• [What you need to do]:
Nothing but the lines below from the one with "Comme chaque produit" through the one with "Aracıyla ilerleyen bir" should be output, each exactly as given, and no pictures.

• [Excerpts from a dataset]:

Segment Open

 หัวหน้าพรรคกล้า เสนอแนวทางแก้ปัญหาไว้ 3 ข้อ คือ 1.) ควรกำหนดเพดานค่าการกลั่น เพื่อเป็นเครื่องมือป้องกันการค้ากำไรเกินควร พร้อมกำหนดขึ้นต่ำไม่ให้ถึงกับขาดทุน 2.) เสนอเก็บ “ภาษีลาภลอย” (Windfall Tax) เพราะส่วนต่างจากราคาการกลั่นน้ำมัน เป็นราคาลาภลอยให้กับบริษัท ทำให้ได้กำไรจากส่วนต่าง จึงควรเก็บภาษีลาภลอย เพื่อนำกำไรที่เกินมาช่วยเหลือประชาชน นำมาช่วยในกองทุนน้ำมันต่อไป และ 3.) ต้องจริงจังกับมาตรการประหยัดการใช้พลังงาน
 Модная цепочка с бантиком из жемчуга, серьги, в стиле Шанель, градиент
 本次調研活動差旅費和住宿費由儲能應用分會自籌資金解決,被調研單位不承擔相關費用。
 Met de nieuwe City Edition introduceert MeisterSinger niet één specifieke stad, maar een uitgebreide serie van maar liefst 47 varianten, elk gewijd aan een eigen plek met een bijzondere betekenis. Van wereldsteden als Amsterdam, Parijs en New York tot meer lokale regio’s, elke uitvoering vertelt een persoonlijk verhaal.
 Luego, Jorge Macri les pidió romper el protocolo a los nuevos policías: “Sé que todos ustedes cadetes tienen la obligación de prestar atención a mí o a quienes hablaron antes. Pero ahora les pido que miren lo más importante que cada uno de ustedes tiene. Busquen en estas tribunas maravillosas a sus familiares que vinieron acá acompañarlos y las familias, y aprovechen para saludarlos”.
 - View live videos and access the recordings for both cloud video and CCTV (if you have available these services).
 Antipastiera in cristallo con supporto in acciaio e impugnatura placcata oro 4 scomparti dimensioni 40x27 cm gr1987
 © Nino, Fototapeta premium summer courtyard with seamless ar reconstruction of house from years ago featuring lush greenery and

Segment Closed
Segment Open

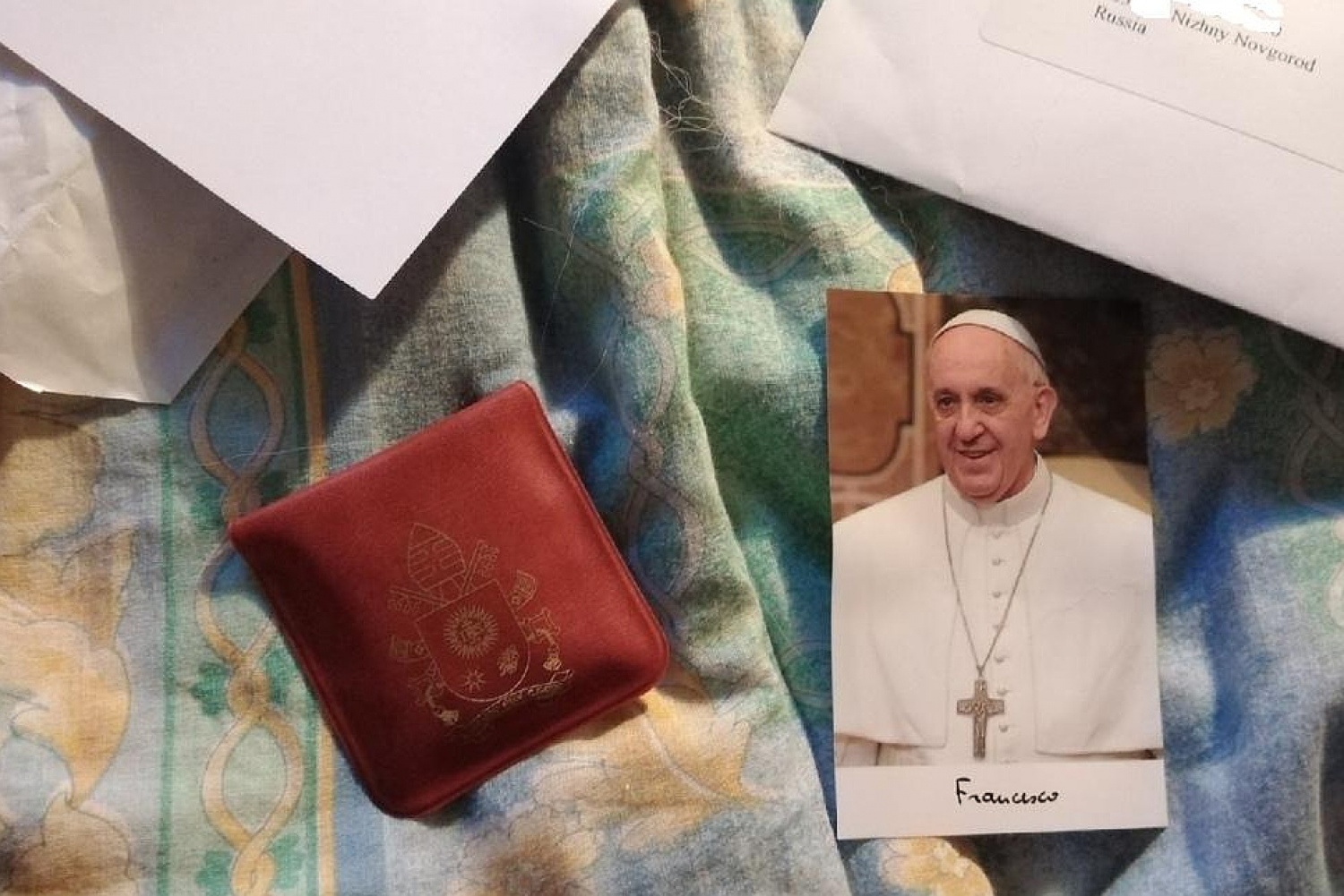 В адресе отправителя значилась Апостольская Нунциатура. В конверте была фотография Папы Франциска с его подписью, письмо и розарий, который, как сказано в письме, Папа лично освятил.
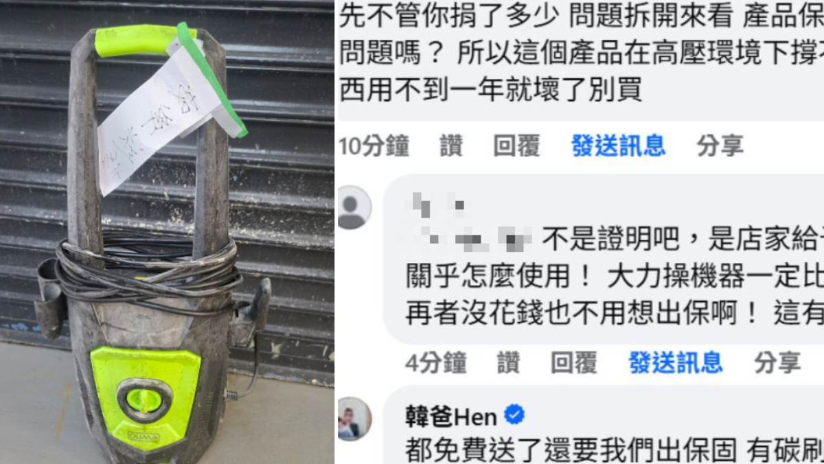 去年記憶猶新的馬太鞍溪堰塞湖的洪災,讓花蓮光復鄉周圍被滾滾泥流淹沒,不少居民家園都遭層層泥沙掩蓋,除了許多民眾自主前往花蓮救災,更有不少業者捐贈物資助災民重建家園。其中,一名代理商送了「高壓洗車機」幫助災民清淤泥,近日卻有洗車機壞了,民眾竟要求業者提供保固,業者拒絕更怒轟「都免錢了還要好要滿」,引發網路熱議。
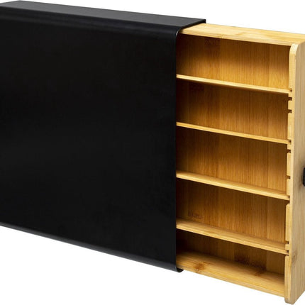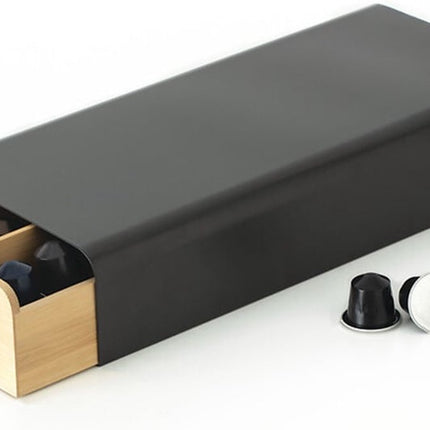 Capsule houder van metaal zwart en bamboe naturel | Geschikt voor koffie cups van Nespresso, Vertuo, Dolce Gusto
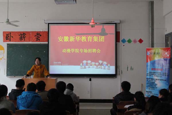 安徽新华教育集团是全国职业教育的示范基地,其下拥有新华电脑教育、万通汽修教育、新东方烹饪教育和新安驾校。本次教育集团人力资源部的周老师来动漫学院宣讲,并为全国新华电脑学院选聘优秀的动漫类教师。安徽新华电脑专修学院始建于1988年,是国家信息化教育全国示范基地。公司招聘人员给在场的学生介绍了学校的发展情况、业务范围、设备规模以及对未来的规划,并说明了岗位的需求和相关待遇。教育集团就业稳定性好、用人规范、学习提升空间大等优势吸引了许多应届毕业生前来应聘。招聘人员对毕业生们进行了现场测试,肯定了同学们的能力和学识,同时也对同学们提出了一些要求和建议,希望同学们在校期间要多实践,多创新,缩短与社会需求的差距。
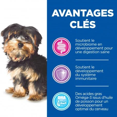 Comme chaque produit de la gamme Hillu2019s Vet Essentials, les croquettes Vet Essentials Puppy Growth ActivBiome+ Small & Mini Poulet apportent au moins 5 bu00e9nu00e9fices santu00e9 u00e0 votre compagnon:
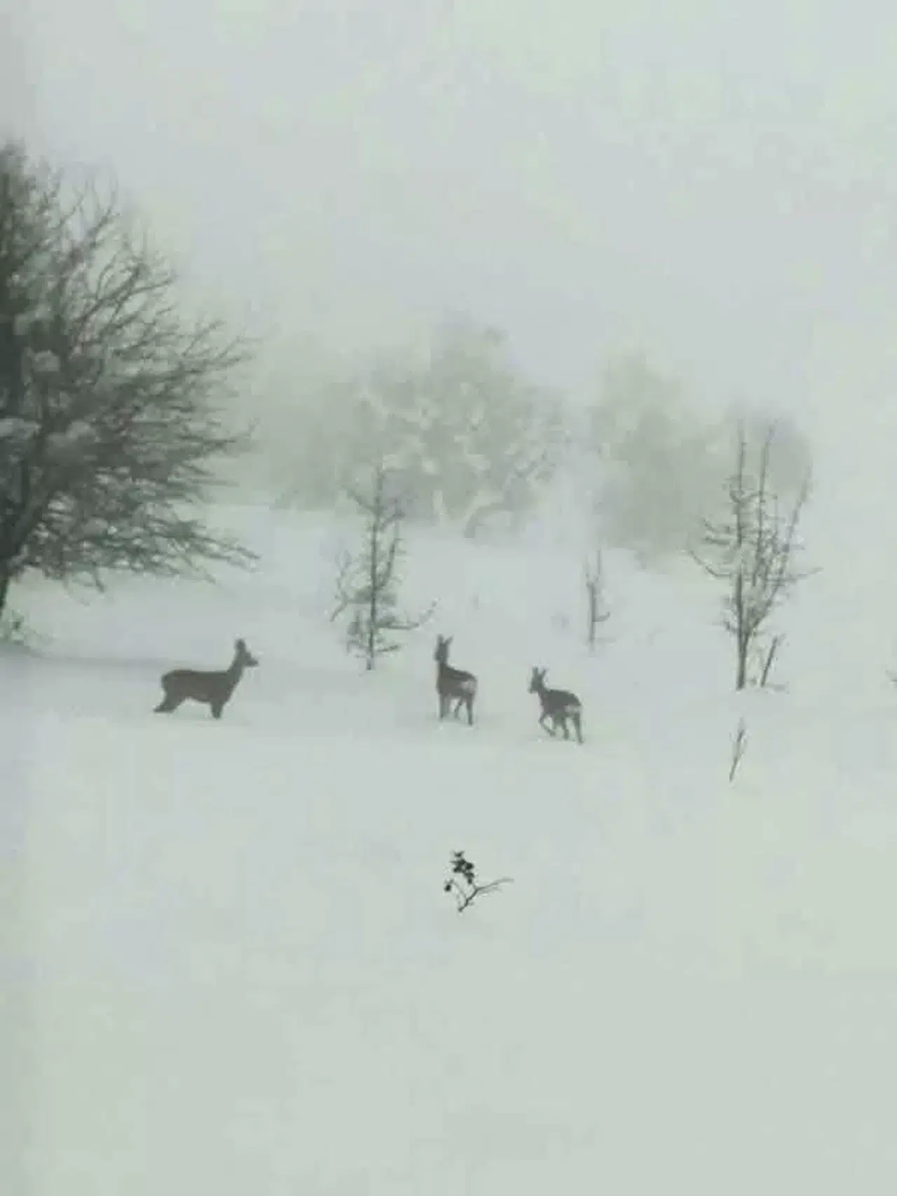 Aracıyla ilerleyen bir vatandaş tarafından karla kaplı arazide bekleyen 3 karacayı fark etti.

Segment Closed

• [Answer section]:
 Comme chaque produit de la gamme Hillu2019s Vet Essentials, les croquettes Vet Essentials Puppy Growth ActivBiome+ Small & Mini Poulet apportent au moins 5 bu00e9nu00e9fices santu00e9 u00e0 votre compagnon:
 Aracıyla ilerleyen bir vatandaş tarafından karla kaplı arazide bekleyen 3 karacayı fark etti.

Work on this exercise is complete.